De inmediato, utilizó su magia para intentar cortarlo. Aunque no le afectase en demasía, algunos cortes sí que resultaban profundos para su cuerpo, ya que iban más rápidos que la velocidad a la que Zakko era capaz de llenar su cuerpo con su propio limo.

Nunca se había visto en una situación como esta, para siquiera pensar en entrenar la agilidad que tenía al realizar esta acción. Motivo por el cual se vio forzado a apartarse usando otra vez el mismo truco de agarrar un pedazo de slime de su cuerpo y arrojarlo lo más lejos que podía.

—¿¡Qué se supone que fue lo que hice para que ustedes viniesen a molestarme!?- Sacqui quería desahogarse, tornándose cada vez más furiosa por ver cómo el veniz solo huía. —¡Responde!

Aún con las insistencias de Sacqui, no recibía respuesta. De hecho, Zakko aprovechó ese leve instante para usar su magia de fuego sin ningún tipo de cuidado. Una llamarada inmensa cubrió a Sacqui, fogonazo que duró unos cuantos segundos hasta que Zakko se mareó.

«Necesito… ayuda…».- Por más que miraba a los alrededores, no había nadie más. Consideró soltar a Alex, y fue lo que hizo.

—¿¡Qué cojones fue eso…!?- Alex vociferó apenas recobró consciencia, sentado en el suelo y viendo a Zakko con cortes iguales a los suyos, sin quitar la mirada de enfrente; donde se hallaba Sacqui. —¿Dónde estamos?- Alex comprendiendo de a poco la situación, se levantó y preguntó a Zakko.

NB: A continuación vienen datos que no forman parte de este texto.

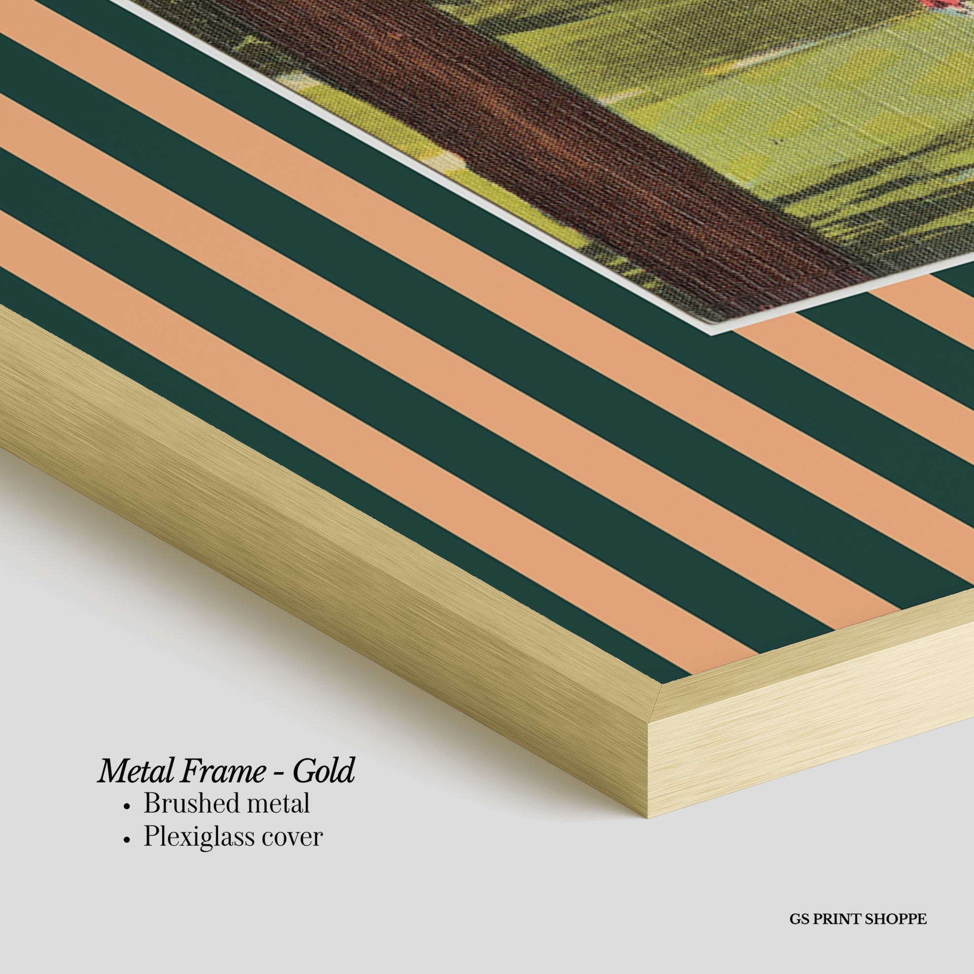 Metal Frame: Sleek and modern, our metal frame is crafted with brushed metal for a polished finish. It comes with durable plexiglass and sturdy metal hangers for horizontal or vertical display.

—En el mismo lugar. Nos increpó. Perdón por… no avisarte que iba a hacer eso.

—No te preocupes. Ahora… ¿Cómo nos encargamos de eso?- Alex hablaba de Sacqui, quien aún mostrándose chamuscada, se puso de pie, revelando parte de su cuerpo demoníaco.

—No… lo sé.- Zakko, pese al miedo, sabía que no se podía huir.

Alex se detuvo un momento para mirar a Zakko, quien mostraba muy abiertamente su pánico con su rostro. Cosa que no le gustó, por lo que dentro de lo que cabía, procuró tranquilizarlo de alguna manera.

—¡No me intimidas, mitad mujer mitad bicho más feo que una mierda pinchá en un palo! ¡Soy más fuerte que tú!- Alex se adelantó un poco a Zakko, queriendo ser quien dé la cara.

Ambos, se hallaban frente a frente contra Sacqui. O… uno de los cuerpos de Sacqui.